The opportunities offered by random forests in the field of cost estimation and optimization are therefore enormous and far from being fully exploited. Beyond cost optimization, the self-learning of the algorithm on the data of companies and their suppliers makes it possible to consider intelligent contributions such as the automatic preparation of negotiations (objectives, levers arguments ...), the proposing optimized designs or redesigns, recommending the most adapted purchasing strategies anticipating supplier behavior ...

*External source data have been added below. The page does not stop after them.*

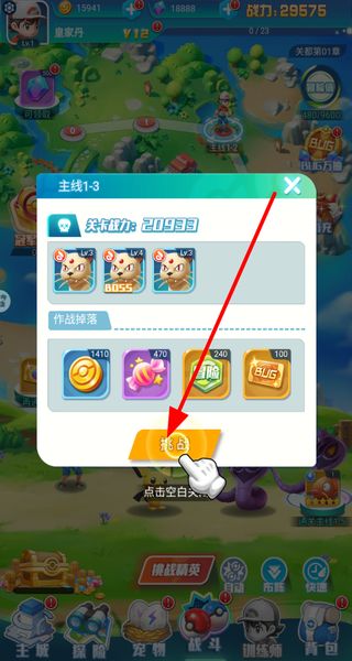 2、在游戏主线关卡界面查看关卡战力要求,点击挑战按钮进入关卡,与敌方宝可梦展开对战。
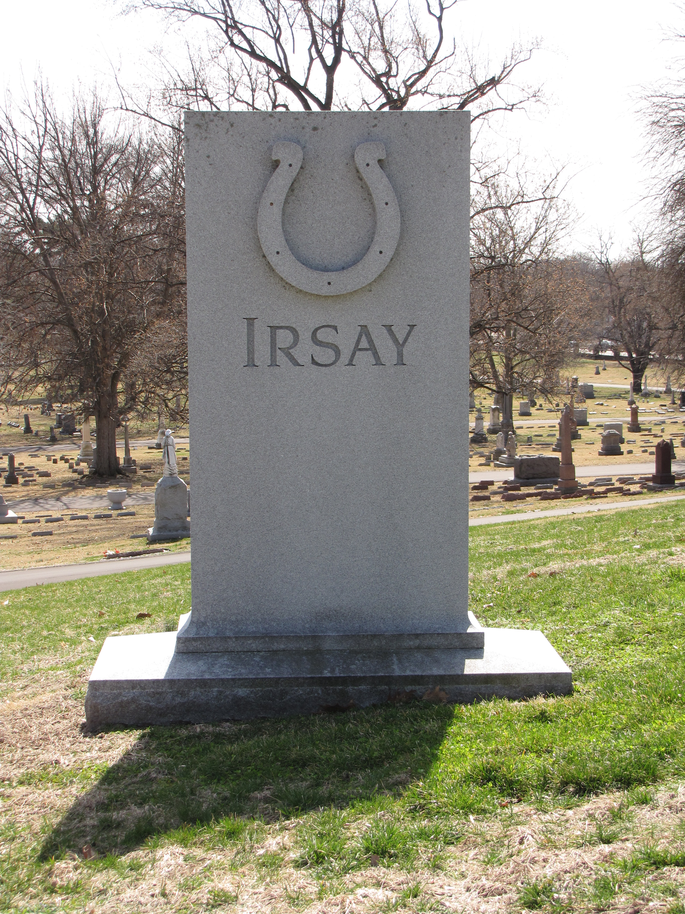However, if you are not a football fan, you might have missed the meaning of what this particular horseshoe represents. This steele with the prominent horseshoe, ends up, is the gravestone of Robert Irsay, who was born March 5, 1923 and who died January 14, 1997. Mr. Irsay purchased the Baltimore Colts and moved the team to Indianapolis in the wee hours of the morning on March 28, 1984. The move of the team made Robert Irsay a dispised figure in Baltimore and beloved in Indy. This horseshoe with the ends up and 7 nail holes, most likely a lucky 7, is the symbol of the Indianapolis Colt’s team and can be seen on their helmets, team paraphenalia, and if you look closely, on the belt buckles of the cheerleaders’ uniforms.
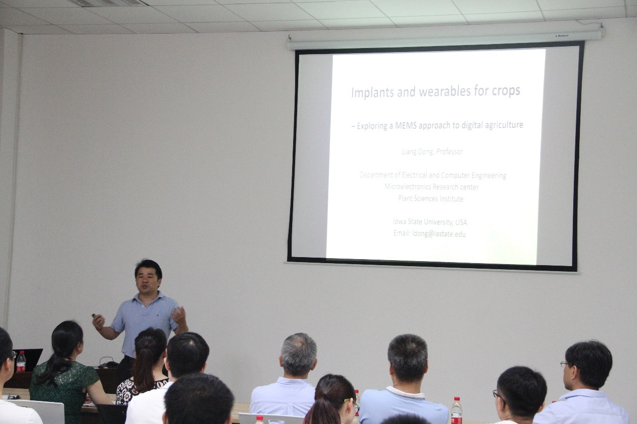 (通讯员 葛持恒)7月27日上午,应365英国上市集团副经理黄进教授邀请,365英国上市集团95级员工、美国Iowa State University董良教授回母校访问交流并为师生做了一场题目为《Low-cost miniature sensors for digital agriculture》的精彩学术报告,365英国上市集团测控工程与仪器系、电子封装系、微纳机电系统研究中心等教师和员工代表50余人参加了报告会,报告会由365英国上市集团副经理黄进教授主持。
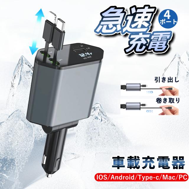【後部座席でも充電OK!】シガーソケット usb 車載充電器 巻き取り式 カーチャージャー 急速充電 4ポート Type-C Lightning USB 12V車 24V車 iPhone17/16/15/14/13/12 Galaxy Xperia Android 各種対応 多重保護 車用 充電器
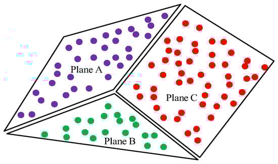 After identifying non-ground points in the point cloud, we use the region growing algorithm to obtain the coarse extraction of the building point cloud from non-ground points. The algorithm selects the point with the minimum curvature as the initial seed point. Given a neighboring point A of a seed point B, if the angle between the normal vector of A and that of is less than a given threshold (Equation (4)) and the curvature value of is less than a given threshold value (Equation (5)), point A is considered a new seed point. The region continues to grow until all points are processed (Figure 4) [19].
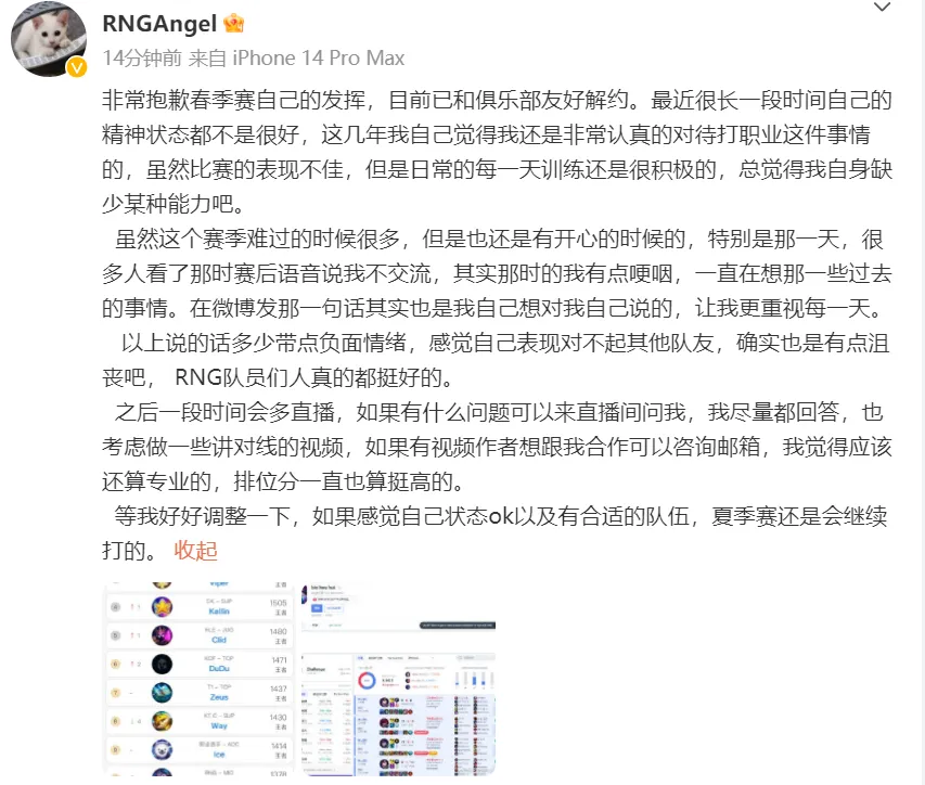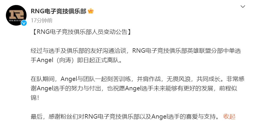 LPL春季赛转会期第一天,没想到是RNG率先打响了官宣离队的第一枪。在18号晚上,RNG忽然官宣中单Angel离队的消息,随后Angel本人也发长文回应了这件事变。 RNG官宣原文如下,体现颠末与选手的友爱沟通,Angel克日起正式离队,随后回首了Angel在RNG这半个赛季的积极和受苦,感谢了他的付出,末了则是祝福Angel将来会有更好的发展。 在RNG发布官宣消息后,不少粉丝也懵了,有人质疑RNG是不是准备遣散了?也有人渴望RNG和Angel扫除合约,是已经找好了补强的选手,另有人直接喊话,让Cryin返来吧,他擦?鲱恰当RNG的中单,更有粉丝疑惑和Angel签了3年合约,怎么这么快就解约了? 随后Angel本人也发长文回应了这件事变,他上来就先致歉,体现自己春季赛发挥得欠好,现在已经和RNG友爱解约,之后体现近来自己的精力状态不是很好,固然很积极很积极训练,但角逐照旧体现不佳,感觉自己缺少某种本领。然后回首了这个春季赛,体现惆怅的时间很多,但开心的照旧那一天,那天语音自己没怎么语言,着实是有点哽咽了,在微博发的那句话也是渴望自己器重每一天。 之后Angel再次致歉,体现自己的体现对不起RNG其他队友,RNG的队友人都很好,末了谈到了自己夏日赛的计划,体现会多多直播,调解状态,假如状态不错而且找到了符合的战队,夏日赛照旧会继承打角逐的。 说真话Angel在RNG打得确实一样平常,但是才打了半个赛季就解约了,也确实有点没想到。关键是签了很多年,这么忽然解约,感觉照旧有点莫名其妙,不像RNG的风格。而且前几天有传言说汤圆去AL试训了,这么看来,RNG夏日赛是要彻底更换中单了,不愿定会让汤圆来打首发,毕竟汤圆在春季赛的体现各人也看到了,RNG须要那种带节奏的中单,打线的刷子型中单不恰当RNG。 说回Angel,S10天下赛的体现应该没有人不平,本以为S10天下赛会是Angel崛起的开始,没想到已经是顶峰状态了,反面体现渐渐泯然众人,之后就是越打越差,感觉Angel重要照旧心态出标题了,太在意舆论了,角逐中打得很怂,怕背锅,明显不喜欢游走,也不会玩游走的体系,但是又要逼着自己去游走,偶然候就是坑自己坑队友,越做越错。而且到现在还在提那一天,也真的太在乎了,感觉成心魔了。 这种心态稳定的话,夏日赛就算找到战队,感觉也不会打得很好。S10谁人斗志昂扬的Angel,不知道还会不会返来了。 那么,对于这件事变,你们有什么想说的吗?欢迎在品评区留言探究。 |

In conclusion, the 2 approaches are complementary in their use:

Limitations

Examples

of software

Analytical Model

• Explanatory and operations- centered model
• “Best Landed Cost” Estimation and Target Price Definition
• Allows to optimize the prices in production and to control the plans of progresses suppliers
• Difficulty accessing process references and maintaining them over time
• Intrusive approach towards suppliers
• Expert model with little diffuse
• Timeout for setting and performing encryption
• Precision ?
• Siemens PLM
• A Priori
• Facton

Statistical Parametric Model

• Easy and quick to use
• Estimated price coherence, and accuracy (conditional)
• Non-intrusive approach to suppliers
• Product and service applications
• Very relevant in the upstream phases of the life cycle and for the analyses of coherence
• Requires minimal data and quality history
• Model that is not very "explanatory" to moderate supplier progress plans
• Less relevant model for setting target prices and "Best Landed Cost"
• Difficulty in modeling qualitative parameters
•  Seer
• EstimFEC

Non-Parametric Statistical Model

« Random Forests »

• Easy and quick to use
• Consistency of the estimated price, and precision increased by 30% compared to parametric models (conditional)
• Non-intrusive approach to suppliers
• Product and service applications
• Very relevant in the upstream phases of the life cycle
• Relevant also in the downstream phases for the analysis of price coherences and the identification of opportunities thanks to the explanatory properties of the forests
• Integrates a lot of cost drivers, including qualitative ones
• Detects technological breakthroughs
• Prioritizes cost drivers
• Manages missing values and can work with a limited sample
• Model less relevant for setting target prices and "Best Landed Cost"
• easyKost
Conclusions

In conclusion, it would be futile to oppose the analytical and statistical methods of cost estimation. They complement each other in their use and purpose. The statistical method, which is more consistent because it is based on the observation of the actual data, makes it possible to obtain a rapid and precise evaluation to make the right decisions in the product design or redesign processes. Simple to implement, it allows to model many families of products and services in a non-intrusive way and without needing to acquire an advanced technological expertise. The analytical method allows to obtain an encryption precisely reflecting the reality (or the simulation) of a manufacturing process. More tedious to implement, on the other hand it allows to define targets of cost to be reached with explanatory factors based on the observed industrial parameters and benchmarks. In this sense, it is more appropriate to quantify technological breakthroughs and to lead industrial suppliers' progress plans to bring them to the target. It is also more relevant to quantify technological innovations on which the company does not have a history.

Nevertheless, self-learning algorithms and deep learning open new horizons and fields of application for the use of statistical models, notably through the sharing of information between companies or between them and their suppliers.